Adam Heath wrote:
Adrian Crum wrote:
Adam Heath wrote:
Adrian Crum wrote:
The java.util.concurrent package rocks! I used it a few weeks ago to
multi-thread the demo data loading code. I got it down from 3 minutes to
1.5 minutes.
What?  You made the ofbiz demo data loading code multi-threaded?
Seriously?  If so, that rocks!
I used a thread pool to create tables and non-fk indexes. By fine tuning
the thread count, I was able to take the single-threaded CPU usage from
12-20% up to 50-90%. I used a FIFO queue for loading data - the main
thread parses the XML files and places DOM Elements in the queue, and
another thread takes the elements from the queue and stores them in the
database.

Some day I'll clean up the code and provide a patch. It only benefits
multi-CPU computers.

I would do this in multiple stages.

First stage would be a generic xml parsing service.  Each xml file is
handed off to an ExecutorService.  The Callable.call() method would
then parse the file, and the return would be a Document.

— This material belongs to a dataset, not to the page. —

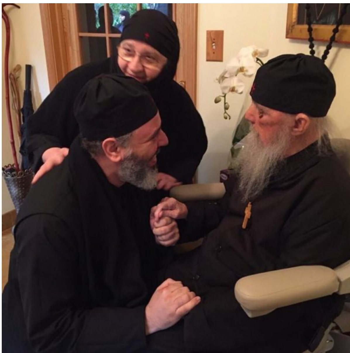
Ο Επίσκοπος Ναζιανζού με τον Γέροντα Εφραίμ

“Σήμερα, θυμόμαστε στις προσευχές μας τον Γεροντα Εφραίμ τον Φιλοθεΐτη και Αριζωνίτη, που αναχώρησε εν Κυρίω πριν τρία χρόνια. Τις ευχές του να έχουμε. Μετά τη Θεία Λειτουργία στο παρεκκλήσι του Αγίου Παύλου στην έδρα της Ελληνορθόδοξης Αρχιεπισκοπής Αμερικής, προσευχήθηκα ταπεινά για τη μνήμη του Γέροντα Εφραίμ. Είμαι για πάντα ευγνώμων και πραγματικά ευλογημένος που όταν έφτασα στη Βόρεια Αμερική πριν από πέντε χρόνια ο Γεροντας Εφραίμ με πήρε υπό την προστασία του και με καλωσόρισε στην πνευματική του οικογένεια με ανοιχτές αγκάλες και χριστιανική αγάπη. Η επίδραση που είχε στην πνευματική μου ζωή είναι ανυπολόγιστη. Να έχουμε την ευχή του!”, έγραψε ο κ. Αθηναγόρας.

The second phase would then use the same ExecutorService, and convert
each Document to a List<GenericValue>.  As an optimization, the first
phase would auto-submit the document back to the same executor.

Third phase would then import files in parallel, but not the separate
values.  You'd have to handle dependency issues, similiar to the
looping that is currently done.  However, the correct fix for these
kinds of problems would be to reorder the data in the files.

I'm sure all kinds of optimizations could be tried. Once you have the basic multi-threading working, tweaking it becomes addictive.

My stab at it served two purposes - I had just read the Sun tutorial on the concurrent package and I wanted to try it out, and I really needed to reduce the demo data load time because I was using the process to test the converter integration in the entity engine.